Published by the Students of Johns Hopkins since 1896
November 30, 2021

SciTech Talk: Laziness, artificial leaves and bacteria

By MICHAEL YAMAKAWA | April 11, 2013

For the lazy students at Hopkins: For those plagued by constant laziness during school, you are in for a scientific treat. Thanks to recent findings, you may be able to blame your regular indolences on your DNA! A study on mice has shown that laziness can actually be a genetic predisposition. Researchers bred a group of active and lazy mice and monitored the activity of subsequent generations by measuring their running distances. There was a clear difference in running activity between the 10th generation mice that belonged in the active group and those in the lazy group. Through a technique called RNA deep sequencing, the scientists were able to find 36 prospective genes that may be involved in laziness. But even so, try not to let laziness hinder your studies!

 

Artificial leaves heal themselves: Two things may surprise you. First, we have been developing artificial leaves that harness the energy of the sun to produce their own energy, just like real leaves. A new feature was recently added to the leaves that allow them to heal damages incurred during energy production.

When placed in a body of water, the leaves use solar energy to break apart water into hydrogen and oxygen, a process known as electrolysis. Energy from electrolysis can be channeled to drive other mechanical systems. In fact, a quart of water can provide 100 watts of energy for an entire day. While this is not the most efficient source of energy, artificial leaves may find use in regions where electricity lines and power generating stations are lacking because of cost. Unfortunately, the major drawback of using these leaves is the accumulation of the bacteria that contaminate most of our natural water. The bacteria eventually adhere to the surface of the leaf and prevent energy from being produced.

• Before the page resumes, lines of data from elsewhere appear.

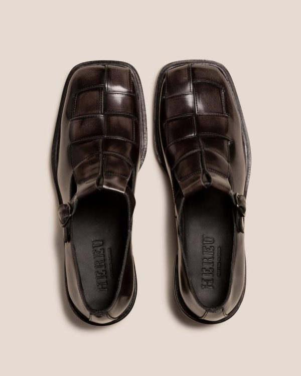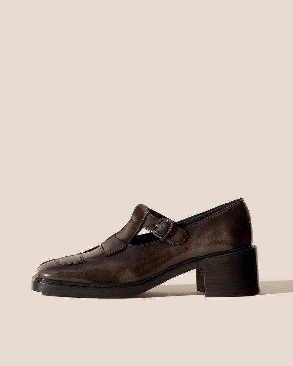 Interwoven T-bar heeled shoe crafted in Spanish brushed leather. Made in Spain by uniquely talented artisans, celebrating excellence in craftsmanship.
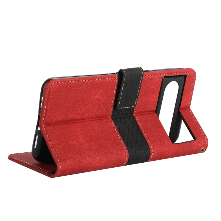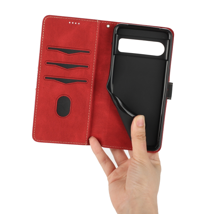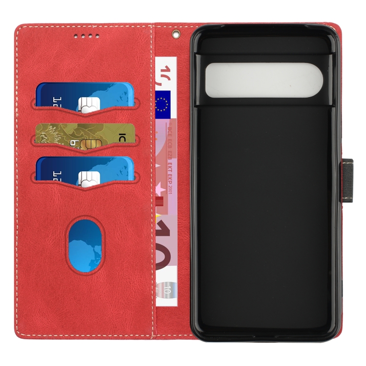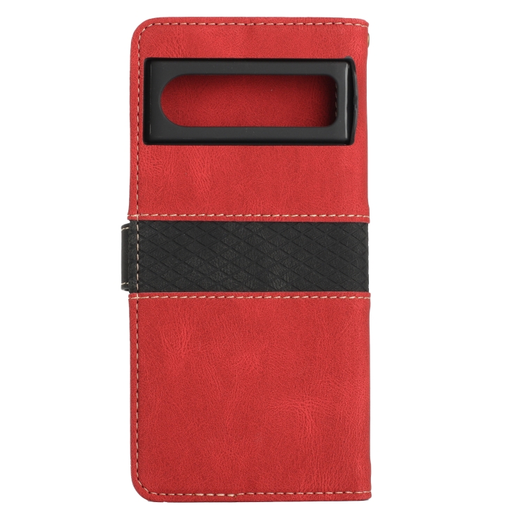 Funda de Cuero Google Pixel 8 Pro con Costuras en Cuadrícula y Cordón (Rojo)
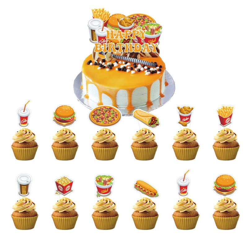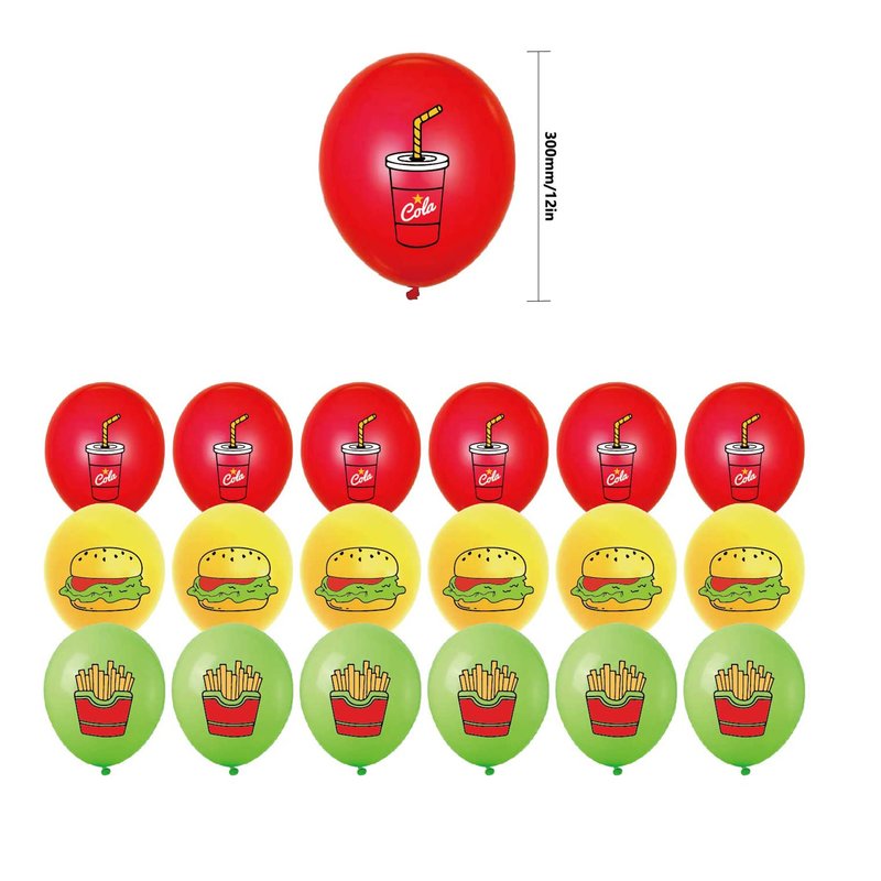 - Package includes: Fast food birthday party supplies set includes 1 * HAPPY BIRTHDAY banner, 18 * latex balloon (3 styles of 6 each), 1 * cake topper, 12 * cupcake topper, each accessory has fast food elements, these decorations will add fun to your party

Researchers have found a way to prevent the surrounding bacteria from accumulating on the leaf’s surface. They tweaked the composition of the energy production catalyst, which is necessary for bacterial adhesion to the surface. The new catalyst is able to break down temporarily so that the bacteria cannot stick to the leaf. Then, the catalyst is able to reform to continue producing energy, while the bacteria slowly reaccumulate. Once bacteria begins to hamper activity, the catalyst will once again break down and heal.

 

Like a moth to a flame, bacteria to photons!: Proteins in our body are typically sensitive to certain signals like macromolecules, or even to photons! Taking advantage of this, researchers at Washington University in St. Louis were able to manipulate bacteria to become sensitive to light. They hope to see whether this can help with insulin secretion and heart rate control by manipulating cells in respective organs in a similar way.